To support parallel uploads and limited append / edit functionality, Google Cloud Storage offers users the ability to compose up to 32 existing objects into a new object without transferring additional object data.

Content

  1. Compose Operation
  2. Component Count Property
  3. Integrity Checking Composite Objects
  4. Parallel Uploads
  5. Limited Append and Edit
  6. Performing Object Composition with gsutil
  7. Performing Object Composition with the XML API
  8. Performing Object Composition with the JSON API

Compose Operation

The compose operation creates a new object whose contents are the concatenation of a given sequence of up to 32 component objects under the same bucket. The components are unaffected by the process, and the resulting composite does not change if its components are replaced or deleted. Composite objects may even be built from other existing composites, provided that the total component count does not exceed 1024.

Component Count Property

Each object maintains a component count property, which specifies the number of originally uploaded objects it was created from. Newly uploaded objects have a component count of 1, and composing a sequence of objects creates an object whose component count is equal to the sum of component counts in the sequence. Compose operations that yield component counts exceeding 1024 are not allowed. To add more objects to a composite object with a component count of 1024, you will first need to copy the composite object to a new object by downloading and then uploading the object. For an example, see Performing Object Composition with gsutil.

Integrity Checking Composite Objects

Google Cloud Storage uses CRC32c for integrity checking each component object at upload time, and for allowing the caller to perform an integrity check of the resulting composite object when it is downloaded. CRC32c is an error detecting code that can be efficiently calculated from the CRC32c values of its components. Your application should use CRC32c as follows:

  • When uploading component objects, you should calculate the CRC32c for each object using a CRC32c library such as one of those listed below, and include that value in your request.
  • For the compose operation, you should not include a CRC32c in the request. Google Cloud Storage will respond with the CRC32c of the composite object. Google Cloud Storage will not calculate MD5 values for composite objects.
  • At download time, you should calculate the CRC32c of the downloaded object, and compare that with the value included in the response.
  • If your application could change component objects between the time of uploading and composing those objects, use source generation preconditions on compose operations to enforce concurrency control.
  • You should change any code that assumes the ETag contains an MD5 to use ETag only as an opaque value, for example for performing caching invalidation.

Libraries for computing CRC32c values include Boost for C++, GoogleCloudPlatform crc32c for Java, crcmod for Python, and digest-crc for Ruby. Note also that CRC32c is supported in hardware in current Intel CPUs.

In the past, Google Cloud Storage used MD5 to construct the ETag value.
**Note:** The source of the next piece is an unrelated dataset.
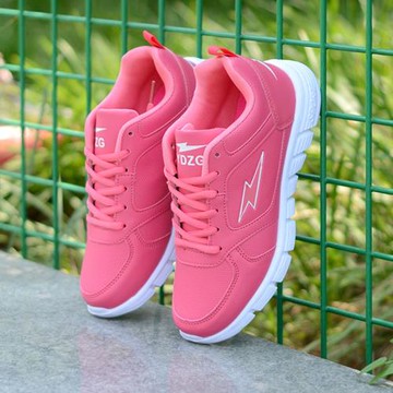 春季女鞋皮面防水運動鞋輕便軟底休閑跑步鞋學生小白鞋系帶單鞋潮
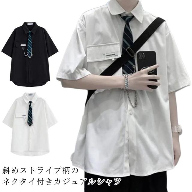 | 斜めストライプ柄のネクタイ付きカジュアルシャツ 軽やかで通気性に優れているのでサラッとした着心地です。 お出掛け用には勿論、ルームウェア、衣装、トレーニングなど多種多様に使えるので、1枚は持っておきたい便利な優秀アイテムです お出かけ、ショッピングモール、海、デート、特別な日、記念日、クラブ系、原宿系ファッション、ダンスやEDM バンド チーム 文化祭やカーニバル、スケーターファッションにもオススメです | |

This is not true for composite objects; client code should make no assumptions about composite object ETags except that they will change whenever the underlying object changes per the IETF specification for HTTP/1.1.

Parallel Uploads

Object composition enables a simple mechanism for uploading an object in parallel: simply divide your data into as many chunks as required to fully utilize your available bandwidth, upload each chunk to a distinct object, compose your final object, and delete any temporary objects.

In order to protect against changes to component objects between the upload and compose requests, users should provide an expected generation number for each component. For more information about object generations, see Generations and Preconditions.

Limited Append and Edit

You can also use the compose operation to accomplish limited object appends and edits.

Append is accomplished by uploading data to a temporary new object, composing it with the object you wish to append to, and deleting the temporary object. Of course, this functionality is limited by the Component Count Property described above.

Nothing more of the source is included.